Copy exactly, and only, the lines between the start of the entries below and the line containing "I started out", both inclusive. Omit pictures.
______________________________
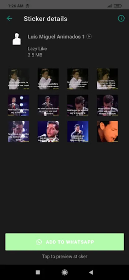 Animated Luis Miguel Stickers for WhatsApp is an application that provides Luis Miguel Stickers. This sticker is perfect for chatting with your closest relatives, friends or family.
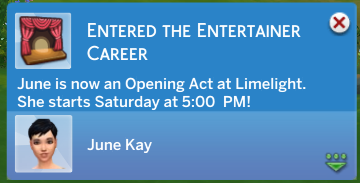 I started out Legacy style on a 50x50 lot with $0. I'm playing completely Base Game right now. I want to complete as many skills, aspirations, and careers as I can until moving on to the next generation and adding a new pack. I'm using very minimal mods and a little bit of CC. When I found some CC based off June's band, Woowho, with Andre, Babs, and Ollie I couldn't resist. You'll see some of the band posters throughout her house.
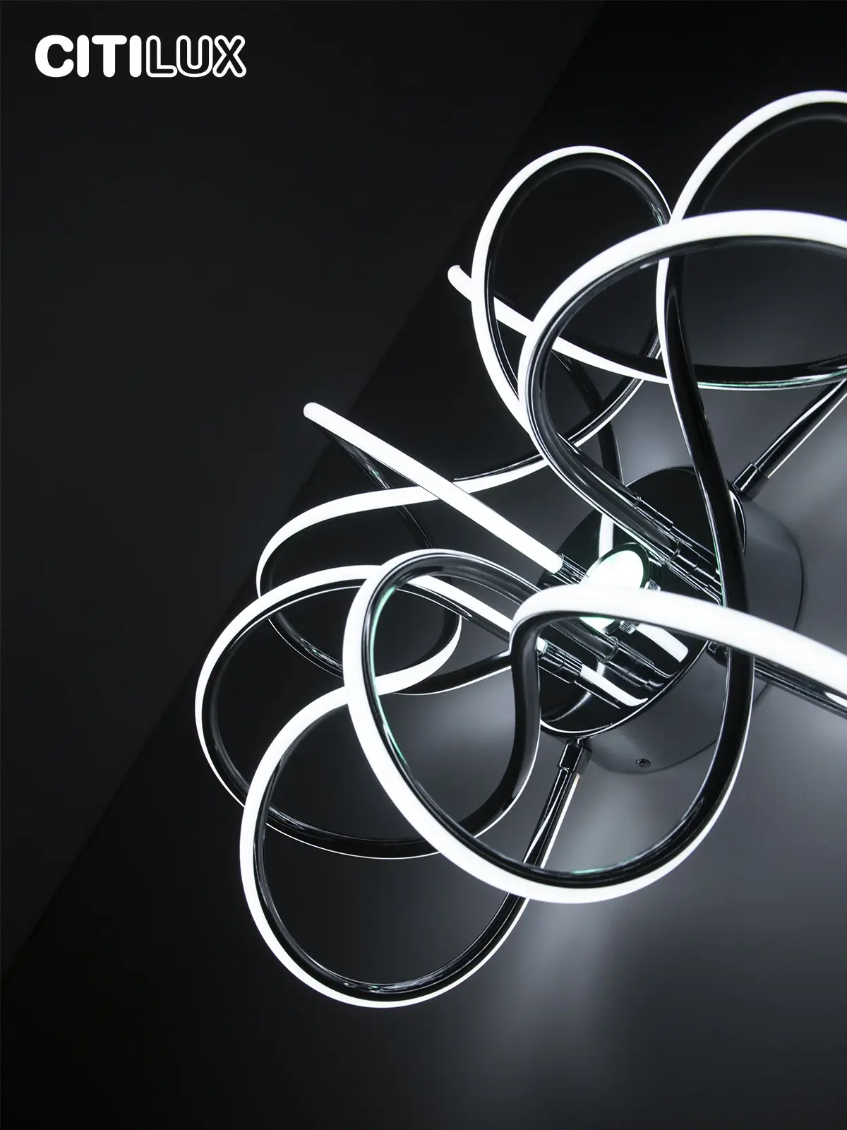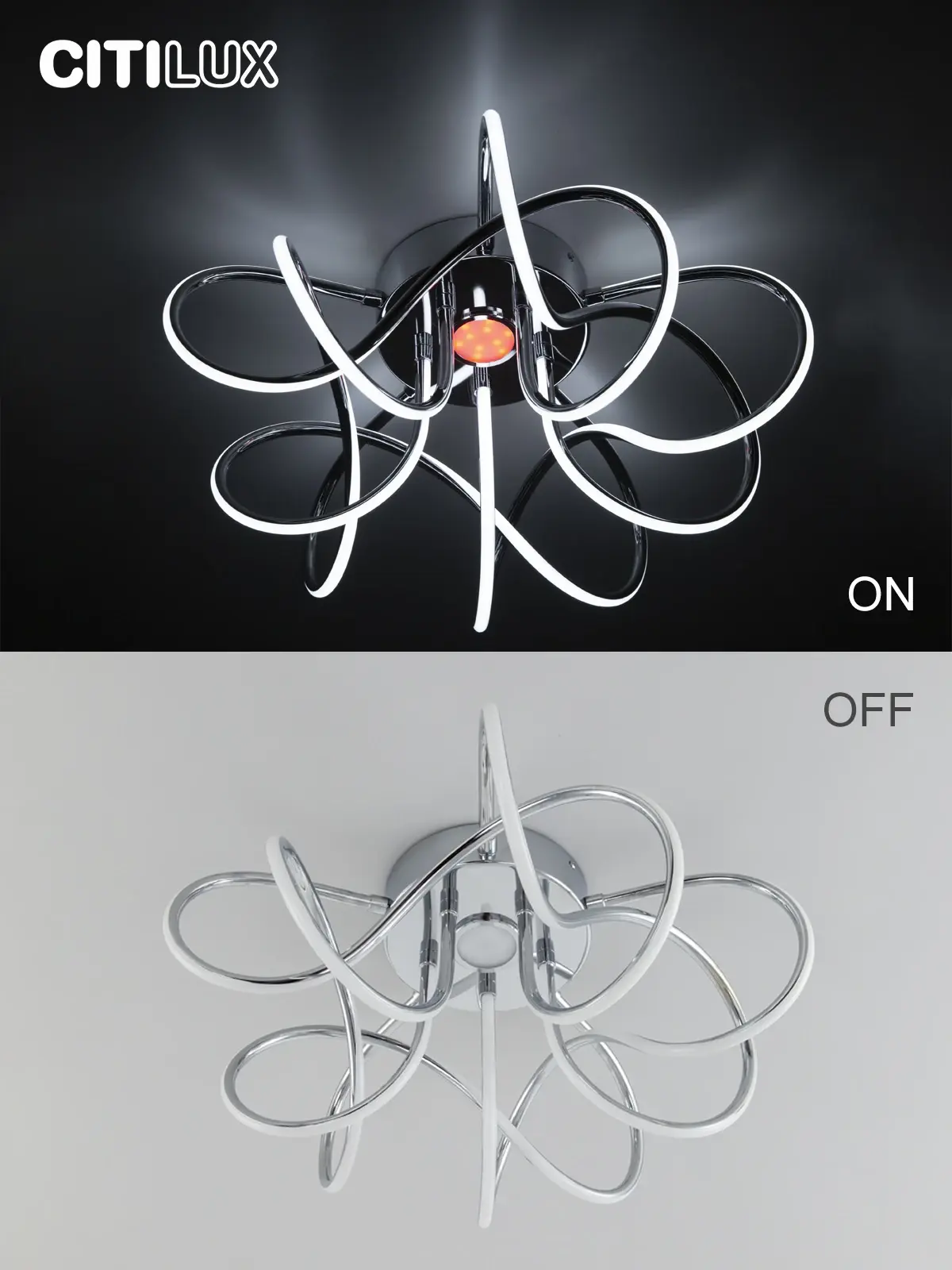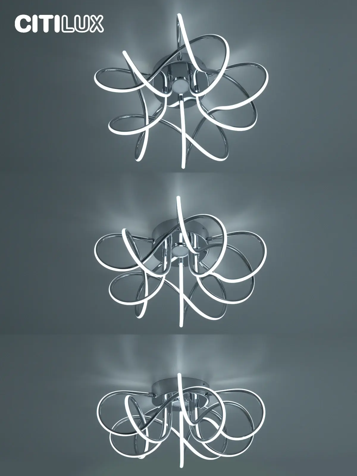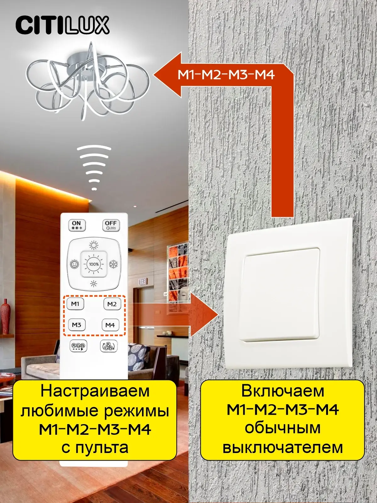 Светодиодная потолочная люстра Citilux Мишель CL229151 с RGB подсветкой, является ярким представителем современных управляемых светильников. Светильник с круглым основанием и изогнутыми рожками. Корпус изготовлен из металла, цвет хром. Рассеиватель белый матовый из оптического полимера. Модель подходит для всех типов потолков, в том числе натяжных, тип крепления – планка. Модель управляется с помощью пульта дистанционного управления или с настенного выключателя. Пульт ДУ в комплекте, тип батареек ААА (батарейками не комплектуется). С помощью пульта доступно: плавная регулировка яркости от 100% до 10%; управление цветовой температурой в диапазоне от 3000К до 5500К, с возможностью настроить любые оттенки теплого, нейтрального и холодного света. Свет без мерцаний и пульсаций. Есть четыре настраиваемых режима памяти, от М1 до М4, которыми также можно управлять с настенного выключателя. Мощность светильника 85Вт.,
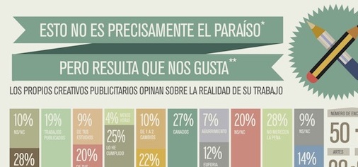 Esta es la cruda realidad de la publicidad, un infográfico dictado por varios creativos publicitarios de 30 agencias de publicidad con un promedio de 9 años de experiencia, algunas de las preguntas fueron: ¿estás orgulloso del resultado final de tus trabajos?, ¿cuántas de tus ideas han visto la luz y cuántas cayeron por el camino? ¿qué porcentaje de días has cumplido tu horario?.
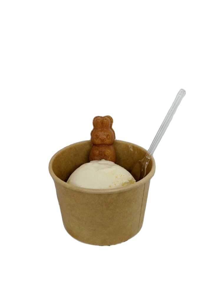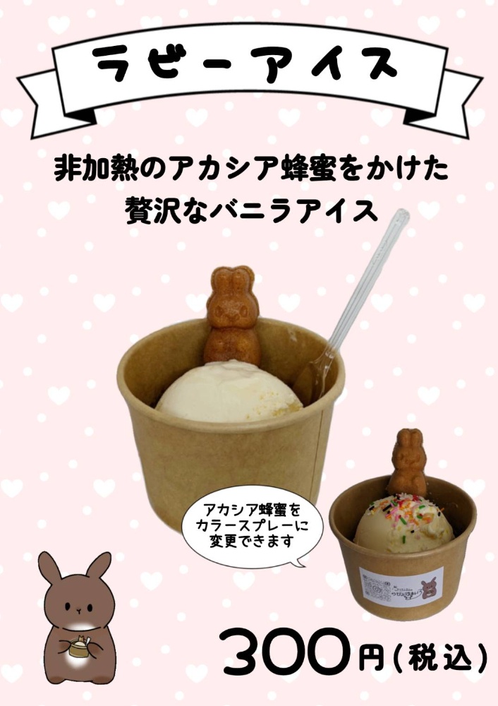 カップアイスにアカシア蜂蜜を垂らし、おまけにラビ―カステラを1ぴょん乗せたもの。
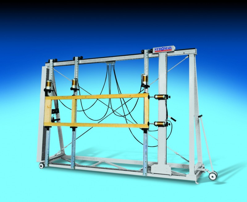 МОД. STP 2500/D: Двухсторонний пресс с восемью скользящими вертикальными балками и двумя ручными прижимными балками.
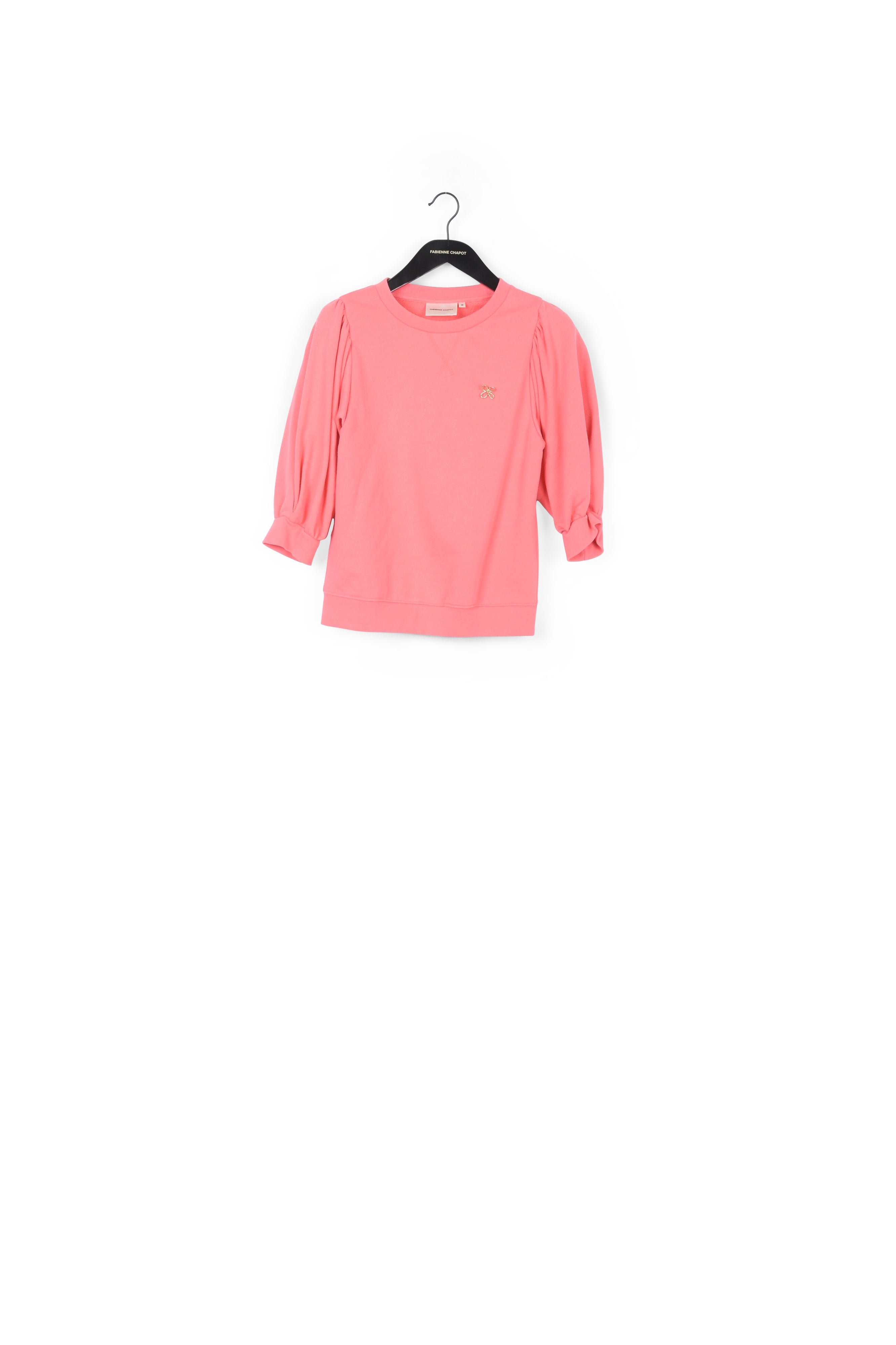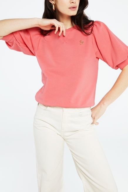 Pullover with round neckline and short puff sleeves. Jana Sweater Short Sleeve has a gold-tone detachable brooch on the left chest. -
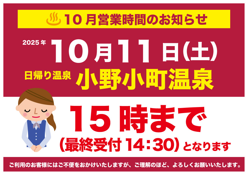 2025年10月11日(土)の日帰り入浴の営業時間は15時(最終受付14時30分)までとなります。
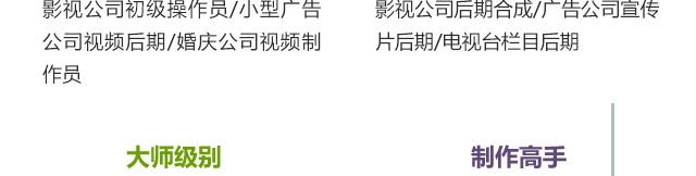 這個(gè)崗位在整個(gè)特效制作領(lǐng)域人才需求量最大。除了高端電影行業(yè)的應(yīng)用,像廣告、電視劇、動(dòng)畫、游戲等領(lǐng)域同樣也需后期合成技術(shù)。
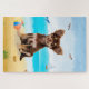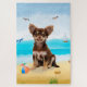 Ein niedlicher Hund am Strand ist eine Geschenkidee für jemanden, der diese Hundezucht Liebe.
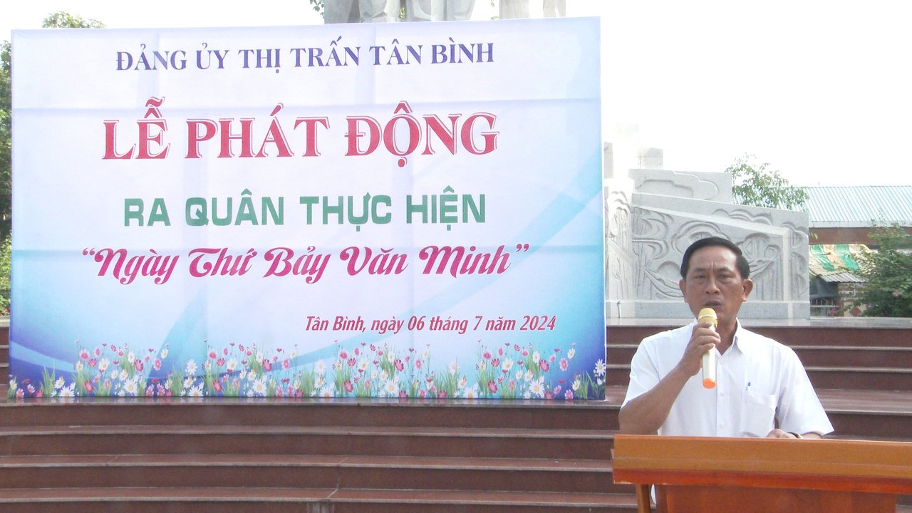Phát biểu tại lễ phát động, ông Huỳnh Văn Tùng, Phó Bí thư Đảng uỷ-Chủ tịch UBND thị trấn Tân Bình cho biết: Lễ phát động thực hiện Ngày thứ bảy văn minh được tổ chức với mong muốn tạo ra sự chuyển biến tích cực, mạnh mẽ trong nhận thức, hành động và phát huy vai trò tiên phong gương mẫu của đảng viên, cán bộ, công chức, viên chức, đoàn viên, hội viên và sự tự giác, tự nguyện của từng cá nhân trong việc thực hiện nếp sống văn hoá-văn minh nơi công sở, nơi cư trú và nơi cộng đồng, tạo ra các phong trào thi đua sôi nổi, thiết thực, hiệu quả, tạo sự lan toả trong mọi tầng lớp nhân dân, góp phần xây dựng thị trấn Tân Bình phát triển ngày càng bền vững, văn minh, hiện đại.
______________________________
▶ Solution to this exercise
 Animated Luis Miguel Stickers for WhatsApp is an application that provides Luis Miguel Stickers. This sticker is perfect for chatting with your closest relatives, friends or family.
 I started out Legacy style on a 50x50 lot with $0. I'm playing completely Base Game right now. I want to complete as many skills, aspirations, and careers as I can until moving on to the next generation and adding a new pack. I'm using very minimal mods and a little bit of CC. When I found some CC based off June's band, Woowho, with Andre, Babs, and Ollie I couldn't resist. You'll see some of the band posters throughout her house.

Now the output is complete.